Session Item

Worse outcome of patients with glioblastoma (GBM) can be attributed to the heterogeneity of the tumor. Recent research has revealed that all GBM subtypes share the hallmark feature of aggressive invasion into the surrounding tissue that are not considered in the target volume. Then, identification of the different components of the tumor is of great importance to ensure an effective treatment. 1H MRI spectroscopic imaging (MRSI) is a non-invasive technique to obtain metabolic information. It is used for diagnosis, monitoring of response to treatment, dose escalation and for detection of mutated IDH gene status in gliomas. Every tissue can be classified based on its metabolic state. MRSI is able to identify the pathologic tissue with high accuracy where Choline (Cho), Creatine (Cr), N-acetylaspartate (NAA) and lactates (Lac) are the main altered metabolites.

The aim of this work is to 1) identify clusters of metabolic heterogeneity in GBM using large MRSI data and 2) investigate which clusters can predict the progression free survival (PFS).

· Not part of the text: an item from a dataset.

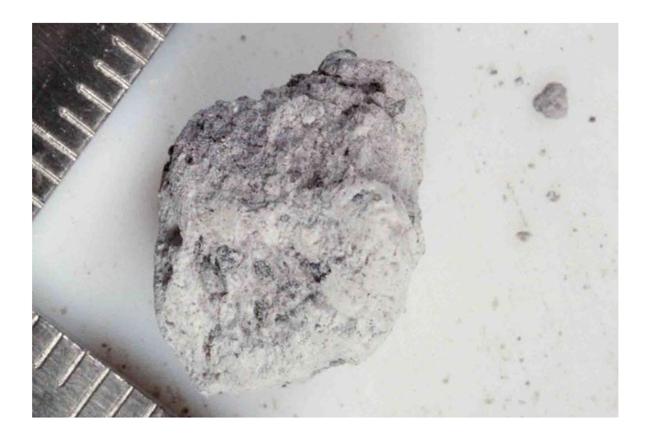
FIGURE 1. Smallest scale division in mm. S-72-49544.

<u>PROCESSING AND SUBDIVISIONS</u>: Fragments were chipped off to obtain material for thin section ,1.

MRSI data from 173 patients included in the prospective SPECTRO-GLIO Trial (Laprie et al, 2019 and 2021) were analysed. A total of 42 699 good quality spectra were acquired in pre-radiotherapy examination. Automatic post-processing of data was carried out with syngo.MR Spectro (VB40A; Siemens). Eight features were extracted: Cho/NAA, NAA/Cr, Cho/Cr, Lac/NAA and (%Cho, %NAA, %Cr, %Lac (ratio of each metabolite to the sum of all)).

The clustering was obtained via a mini-batch k-means algorithm, subsets of the input data are randomly sampled in each training iteration. Each mini-batch contains 1000 random spectra. The silhouette analysis was used to define the optimal number of clusters. The package used for these analyses were SuperML, factoextra and ClusterR. Cox model and Logrank test were used for PFS analysis. All analyses were conducted with R (4.0.2) and Stata software (16).

Five of clusters were identified as sharing similarities of metabolic information and are predictive of PFS. Clusters 2 and 4 revealed metabolic abnormalities (increase in Cho, stability or decrease in Cr, decrease in NAA and increase in Lac). The PFS was lower when cluster 4 or 2 are the dominant clusters in patient’s MRSI data. Table 1 shows that PFS were significantly different between clusters. Patients having foremost clusters 2 or 4 in their MRSI data have lower PFS.

The preliminary results showed that MRSI can be used to reveal heterogeneity of the GBM in pre-radiotherapy examination. Groups of spectra sharing similarities in metabolite information would reflect the different components of tissue in the MRSI acquired volume. Clusters with metabolic abnormalities representative of tumor proliferation and hypoxia, have been identified as predictor of progression free survival. Comparison of our clustering results with neuroradiologist segmentation of different tumor compartments on multimodal MRI data is ongoing.